In DVD Copy Control Association v. Bunner, a California court of appeal took First Amendment arguments further. In DVD CCA, the California appellate court reversed a preliminary injunction against an Internet publisher of a trade secret, reasoning that the First Amendment restricts trade secret protection to an even greater degree than it restricts copyright.
DVD Copy Control Association ("DVD CCA"), a trade association of businesses in the movie industry, sought to protect one of their trade secrets in DVD decryption technology, called CSS. In October 1999, the source code for a computer program (DeCSS) describing how to decrypt DVDs, without purchasing DVD CCA's CSS technology, was posted on the Internet. Copies of DeCSS were soon posted on a number of web sites, including that of the defendant.
DVD CCA sued various web site operators in state court under California’s version of the Uniform Trade Secrets Act for an order prohibiting the web site operators from republishing or creating Internet links to DVD CCA's trade secret information. The state trial court granted a preliminary injunction against continued republication of DeCSS, but refused to enjoin links to web sites containing the information.
On appeal, the California court of appeal cited an earlier decision by the United States Court of Appeals for the Sixth Circuit, Junger v. Daly, and ruled that source code for a computer program was constitutionally protected speech. It then determined that the trial court’s preliminary injunction was an unjustified prior restraint of such speech.
The appellate court explicitly noted a number of limitations on its holding. The court expressed no opinion on the availability of permanent injunctive relief after a full trial. Likewise, the court declined to decide whether DVD CCA could obtain damages from a republisher of the source code. The court did emphasize that DVD CCA could seek damages or injunctive relief against anyone who infringed the association’s trade secret by conduct, rather than mere speech. The court also expressed willingness to enjoin publication of a trade secret by anyone whose disclosure violated a contractual agreement. In addition, the court noted that anyone who infringed a DVD CCA copyright could be subject to a copyright infringement action.
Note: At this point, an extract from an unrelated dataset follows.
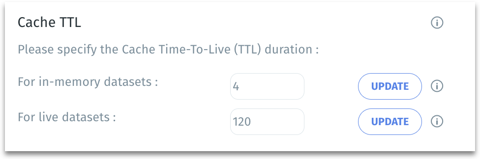 4.2.5 introduces a new feature that allows for direct configuration of the cache Time-to-Live (TTL) for live and non-live data sources from Settings → Application Settings. The TTL value specifies the duration for which the data remains in the cache before it's considered outdated and needs to be refreshed. By adjusting the cache duration to specific needs, users can optimize data retrieval, ensuring faster access and improved performance.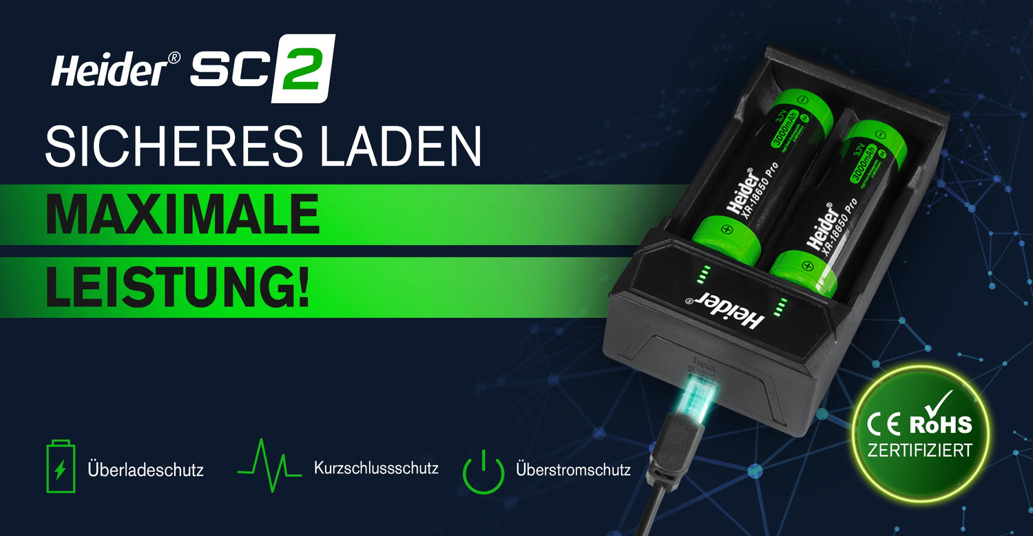 Der Heider SC2 ist mit wiederaufladbaren Batterien in verschiedenen Größen kompatibel. Mit seiner breiten Kompatibilitätsreichweite können Sie ihn nahtlos mit jedem Batterietyp verwenden, den Sie benötigen.

Whether and to what extent the reasoning of the DVD CCA court will be followed by other courts and in other cases is unclear. Furthermore, some violations of trade secrets law might be characterized as "commercial speech" entitled to less protection than this case affords. Nonetheless, this decision should put businesses on notice that the First Amendment can curtail their ability to prevent dissemination of their trade secrets, at least in the absence of a non-disclosure agreement.